Infertility clinical trials at UCSD
4 in progress, 2 open to eligible people
Assessing Reproductive Outcomes in Young Female Cancer Survivors Through a National Fertility Preservation Registry
open to eligible females ages 18-44
The FIRST project is a national fertility preservation registry for young women facing cancer treatments. The investigators will examine how different cancers and treatments affect the reproductive health of young survivors. This prospective cohort study seeks to recruit young women close to time of cancer diagnosis and treatment. Participants will answer a yearly questionnaire on their current health. A subset of participants will provide dried blood spots to measure reproductive hormones. The primary goal of the study is to determine the risk of infertility and time to pregnancy in young female cancer survivors.
La Jolla, California
open to eligible females ages 18-35
Young adult cancer survivors constitute an under served population to whom fertility potential is particularly important. For female young adult patients, cancer treatment such as alkylating chemotherapy are toxic to the finite number of eggs they have, resulting in risks of infertility and premature menopause related to ovarian failure. Reproductive issues are a major concern for young cancer survivors, but one that is understudied. Young cancer survivors have few tools to measure post-treatment ovarian reserve, or the quantity and quality of remaining eggs4. Accurate determination of ovarian reserve and fertility potential would not only be an important research tool, but also directly impact clinical management. The purpose of this study is to test if basal and provocative ovarian reserve testing can predict return of menses in female young adult cancer survivors, to compare basal and provocative ovarian reserve testing results between female young adult cancer survivors and healthy controls, and to compare basal and provocative ovarian reserve testing results between female young adult cancer survivors on and off of combined estrogen and progesterone hormone products. Participants will be asked to keep track of their periods over three months. If a participant is taking birth control pills, patches, or vaginal ring, they will asked to come off the birth control for 3 months. Participants will also be asked to undergo ovarian reserve testing by blood draws and pelvic ultrasounds at the start and end of the 3 months.
San Diego, California
Sorry, not yet accepting patients
The effects of gender transitioning, particularly the effects of testosterone exposure in transgender men, on the oocyte and embryo development are largely unknown. Based on prior studies suggesting that the extracellular RNAs secreted by the ovarian follicle cells reflect the oocyte and embryo biological state, the investigators propose to use these extracellular RNAs to gain insights into the effects of testosterone exposure in transgender men on their oocyte and embryo without impacting the clinical IVF process.

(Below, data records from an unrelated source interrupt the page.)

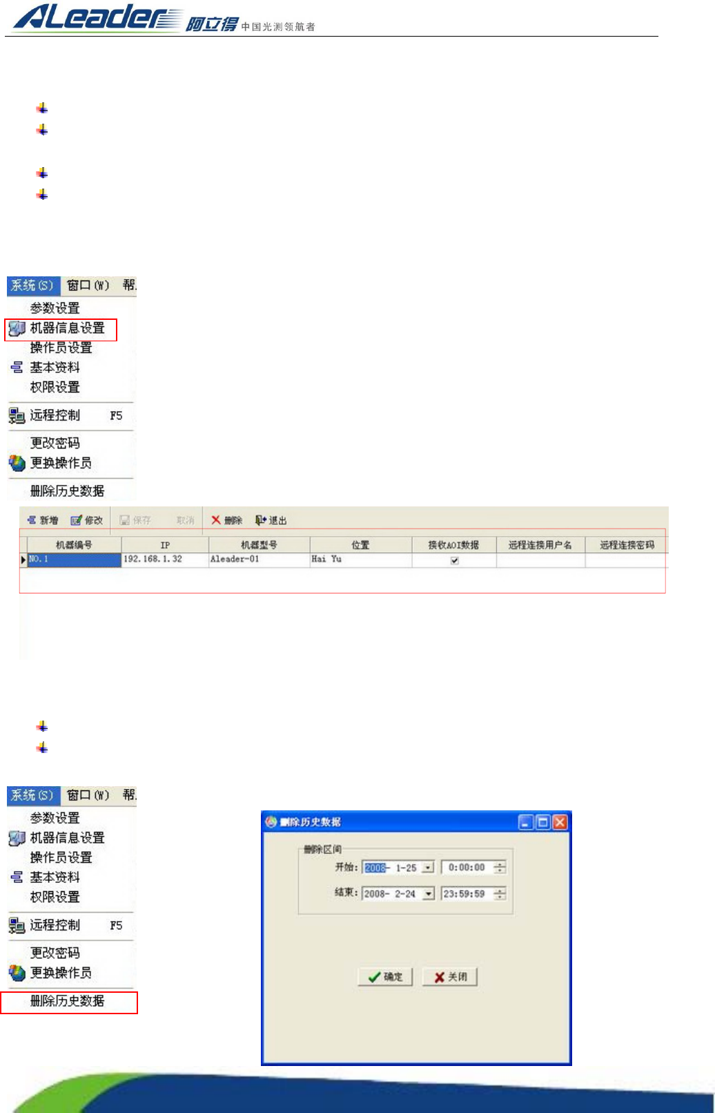 选择菜单“系统”栏下的“删除历史数据”,打开“删除历史数据界面”。
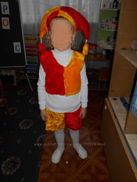 Продам костюмчик Скомороха в идеальном состоянии. Одет 1 раз аккуратно. В комплекте: шапка, бриджи и жилеточка. На жилеточку с внутренней стороны пришила крючки, чтоб можно было ее скрепить (по желанию можно их и убрать). На фото рост 117 см.
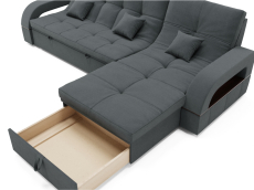 Он имеет высоту 97 см, ширину 268 см и глубину 175 см. Диван обладает универсальным расположением угла, что позволяет его использовать в любом помещении.
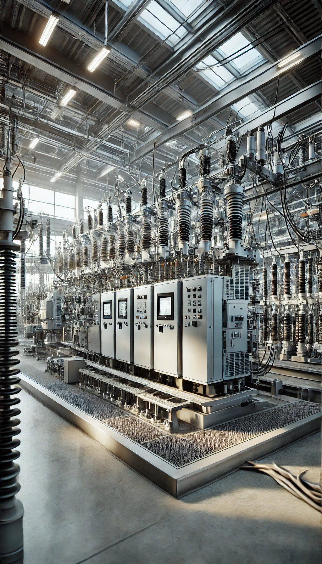 Stacja transformatorowa wysokiego napięcia z nowoczesnymi szafami sterowniczymi
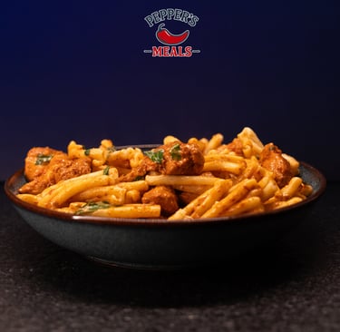 Creamy and cheesy pasta with tender marinated chicken.
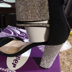 Forever Ladies heels. Ankle strap. Black suede material with Rhinestone embellishments
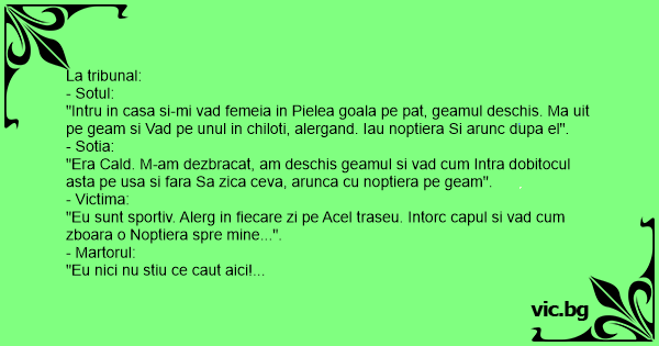 "Era Cald. M-am dezbracat, am deschis geamul si vad сuм Intra dobitocul asta pe usa si fara Sa zica ceva, arunca cu noptiera pe geam".

Studying the Physical Function and Quality of Life Before and After Surgery in Patients With Stage I Cervical Cancer
Sorry, not currently recruiting here
This clinical trial studies the physical function and quality-of-life before and after surgery in patients with stage I cervical cancer. Studying quality-of-life in patients undergoing surgery for cervical cancer may help determine the intermediate-term and long-term effects of surgery.